▸ **What is required**:
Keep every word of the listing and drop the images when you write it out.

▸ **Source material**:
────────────────────────────────────────

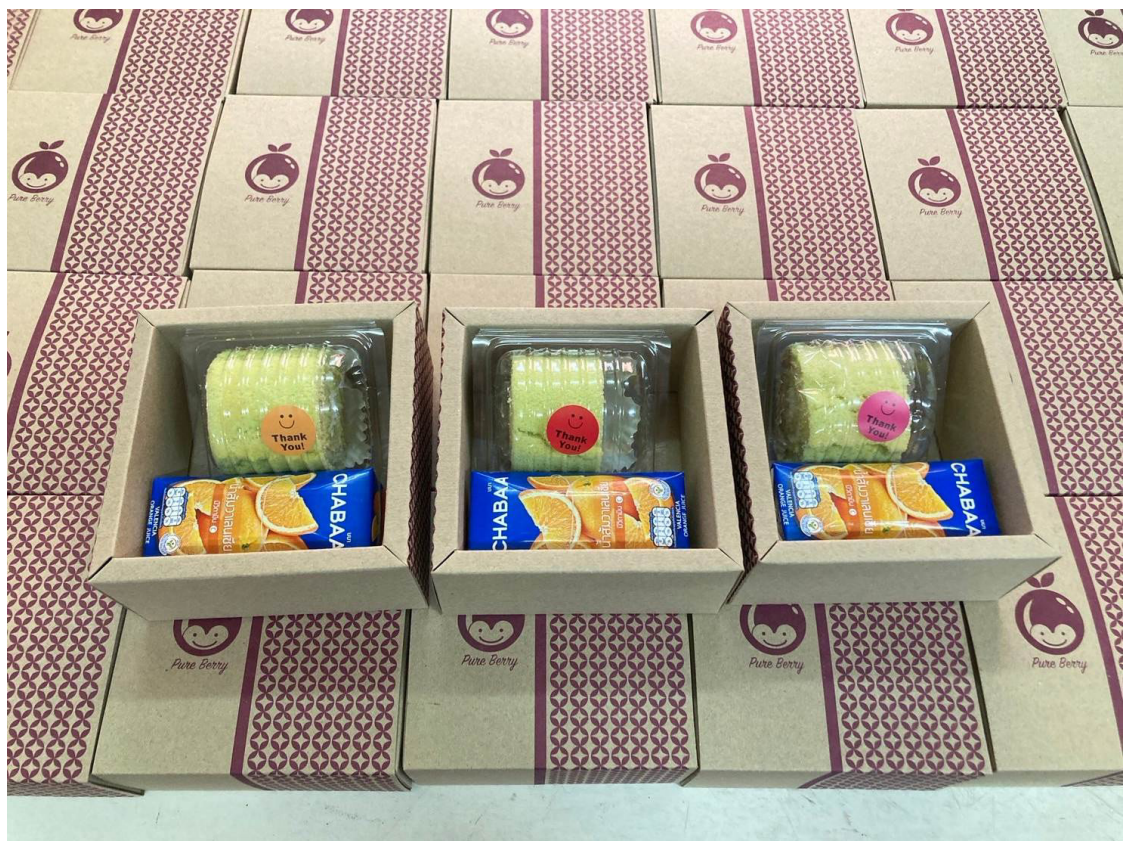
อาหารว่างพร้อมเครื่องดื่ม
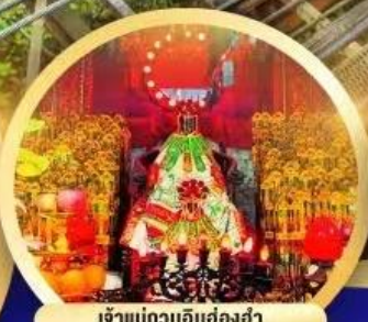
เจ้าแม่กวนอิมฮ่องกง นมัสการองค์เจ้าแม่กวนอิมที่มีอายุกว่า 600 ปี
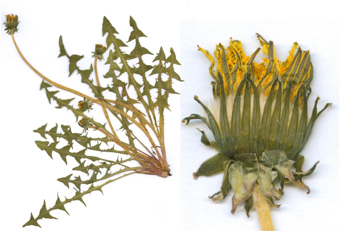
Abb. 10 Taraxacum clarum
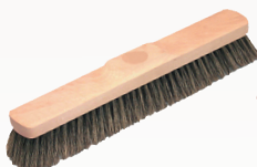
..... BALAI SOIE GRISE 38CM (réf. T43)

────────────────────────────────────────

▸ **Output**:
อาหารว่างพร้อมเครื่องดื่ม
เจ้าแม่กวนอิมฮ่องกง นมัสการองค์เจ้าแม่กวนอิมที่มีอายุกว่า 600 ปี
Abb. 10 Taraxacum clarum
..... BALAI SOIE GRISE 38CM (réf. T43)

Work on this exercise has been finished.